Sometimes as a special treat Grandfather took me with him at night when he went to the cathedral to practise. The only illumination came from the flickering votive candles and the light on the organ console. When it became known in the city that Grandfather played there almost every night, numbers of people came to listen. They were troubled people who never spoke, they were just there, and I used to see the music. I mean I saw it literally, especially if it were the music of Bach or Handel, saw it mounting like the risen dead in and out of the Gothic shadows.

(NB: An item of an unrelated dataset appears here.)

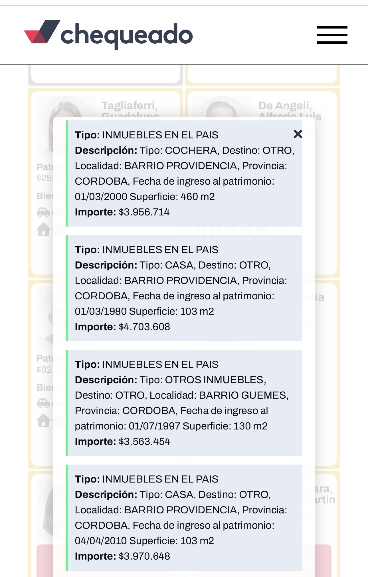 En Córdoba uno de los casos más resonantes fue el de la declaración jurada del Senador Luis Juez. Este presentó poseer 4 propiedades, una de ellas una lujosa casa en uno de los barrios más encumbrados de Córdoba: Cañuelas Country Golf, en la zona sur de la ciudad.

The most visible music of all was an organ version of Bach’s Eightieth Cantata, the one you like so much, which was based on the old Lutheran war-hymn “Ein Feste Burg Ist Unser Gott.” When Grandfather played it he pulled out all the stops and the whole cathedral shook with it and first I thought the music was a picture of Germany surrounded and fighting for her life, then I saw the music grow into the boughs and mountains of the Black Forest, then into the cathedral arches, then up and out toward the hands of the Supreme Ally of all living creatures who have the will and courage to go on living no matter what their lives are doing to them. “Nicht Bach,” said my grandfather, “sondern das Meer.” And I marvelled that the composer whose music is the most oceanic of them all should have a name which means “brook.”